3 Dangers in the Way We Treat Wounds Today

Wound care is a challenging specialty in healthcare. Too often, caregivers do not get the results they are looking for. It’s often not for a lack of effort but a lack of process.
As a nurse, I’ve seen it all. Patients not showing up for appointments. A lack of materials making it impossible to deliver consistent results. Patients being seen by clinicians who aren’t trained to treat complex wounds. Finally, patients being treated for 8 to 10 months and still ending up admitted to the hospital or facing an amputation.
These are all major factors in the current status of wound care. The bottom line—we spend too much on lackluster outcomes. Health plans (and their members) are not receiving value from the current system. Furthermore, let’s look at three dangers in the way we treat wounds today.
Patients are forced to go to too many places to receive care
We are seeing that health plan members, on average, go to six or more different locations for their wound treatment. In some cases, we’ve seen that number balloon to 12. As you would expect with such a varied treatment plan, wound healing takes longer, costs more and ends with poor results—in many cases amputation.
Receiving care should not be so difficult. We need to create a uniform process that brings care to patients where they are. That means delivering wound care in the home, ensuring patients do not miss appointments. Moreover, removing barriers to care doesn’t only improve outcomes. It also lowers costs by putting patients in a position to heal faster.
No incentive to heal wounds faster
As crazy as it is may be, wound care centers are not incentivized to heal patients with chronic wound faster. At its heart, the current payment model is broken. For a decade, we’ve talked about the need for greater population health initiatives that allow for less reliance on the fee-for-service model. Yet, we are still stuck with the same reimbursement structure that incentivizes actions not outcomes. This is true across the entire healthcare continuum and is extremely evident in wound care.
Additionally, the fee-for-service model is not good for health plans or patients. By creating a wound care program that is rooted in the effective and efficient treatment of wounds, we can lower costs for health plans while delivering better heal times for patients.
Infection rates are too high
Infection rates among chronic wound patients are too high. An alarming statistic—infection drives approximately 25% of the wound spend.

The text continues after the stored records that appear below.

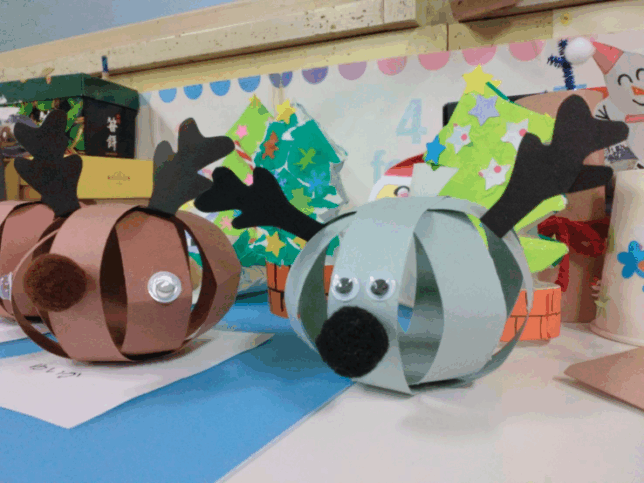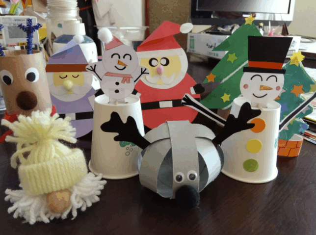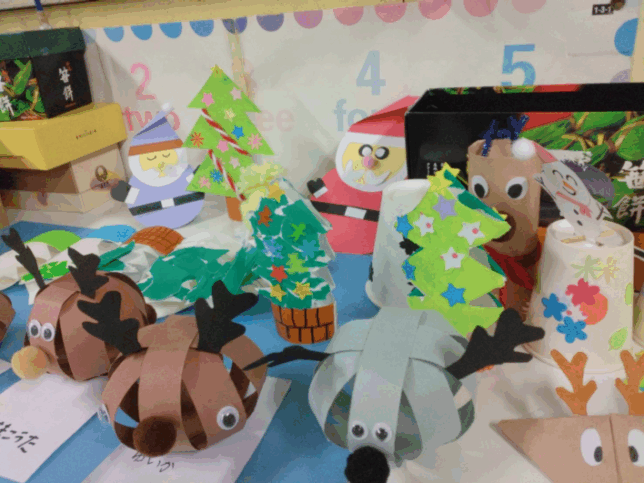 一人ひとりが楽しいクリスマスを想像しながら、トナカイ、クリスマスツリー、サンタクロース、スノーマンなどを作りました。
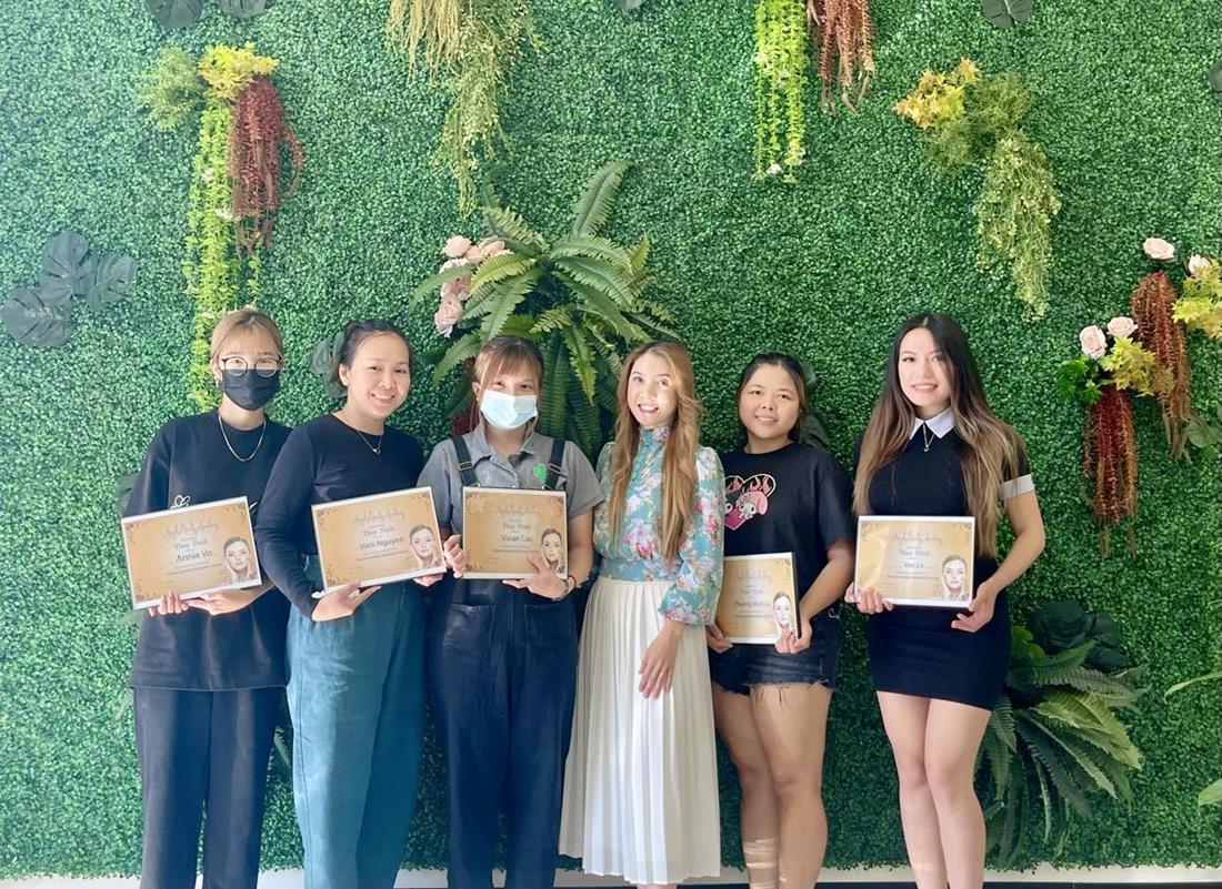 Hình ảnh một khóa học nối mi chuyên nghiệp tốt nghiệp cùng Master Thúy Đinh.
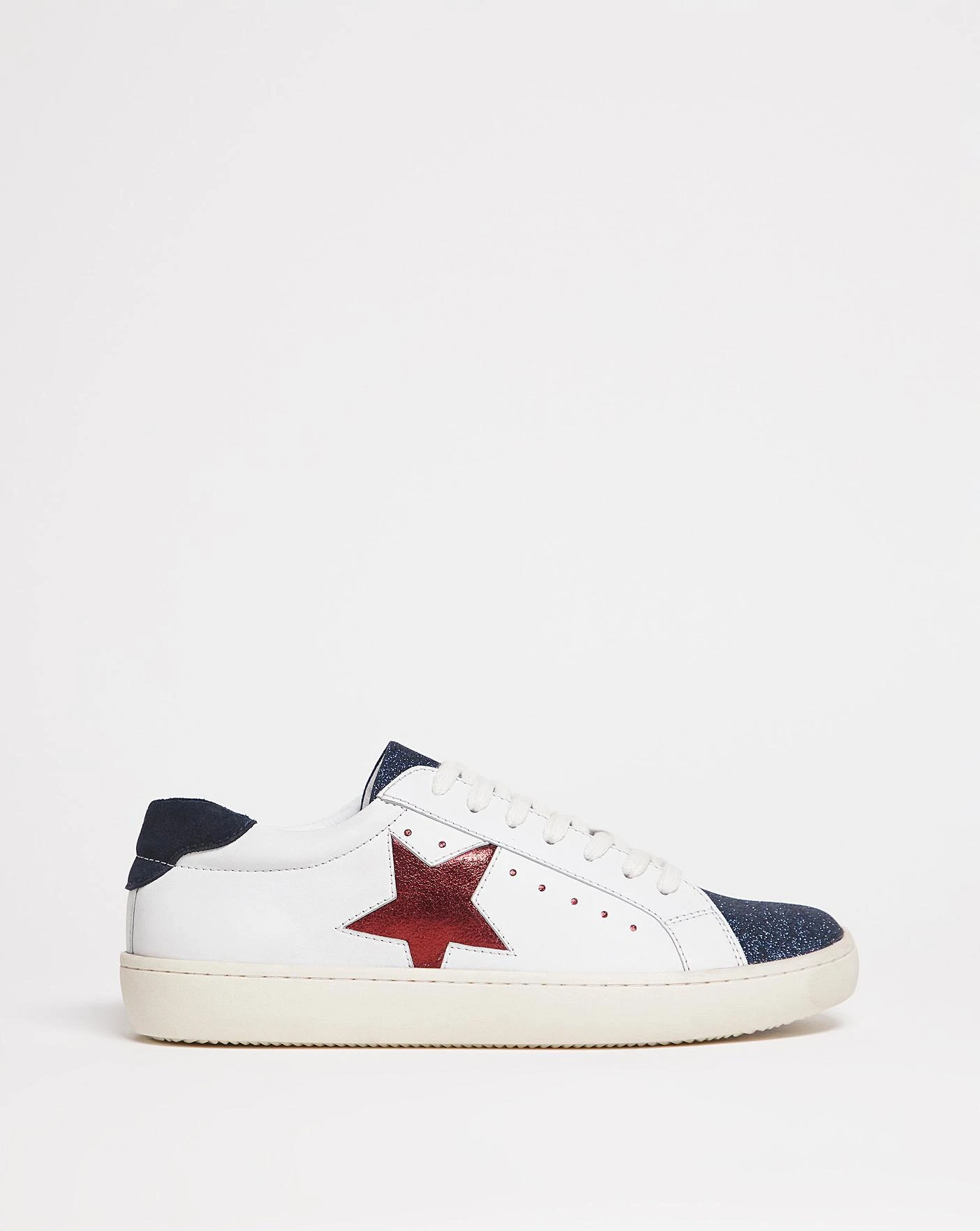 These contemporary leather star trainers are a must have! Detailed with mixed materials and metallic colouring, pair these with your favourite denim for an elevated look.

We must do something to combat the ineffective care that leads to increased infection rates.
Looking at Medicare data, makes the problem all too clear:
- Nearly 15% of Medicare beneficiaries (8.2 million) had at least one type of wound or infection
- 50% Diabetic foot ulcers become infected
- 20% Diabetic foot ulcers infections require amputation, 80,000 per year
With new processes that lead to faster healing and reduced complications, we can significantly reduce infections, readmissions and amputations.
We could easily have gone further on this. There are more dangers and numerous process challenges that we need to solve. That’s why Esperta Health is reimagining the way we treat wounds by focusing on delivering consistent care to patients in their homes. Ultimately, the right care in the right place can make all the difference.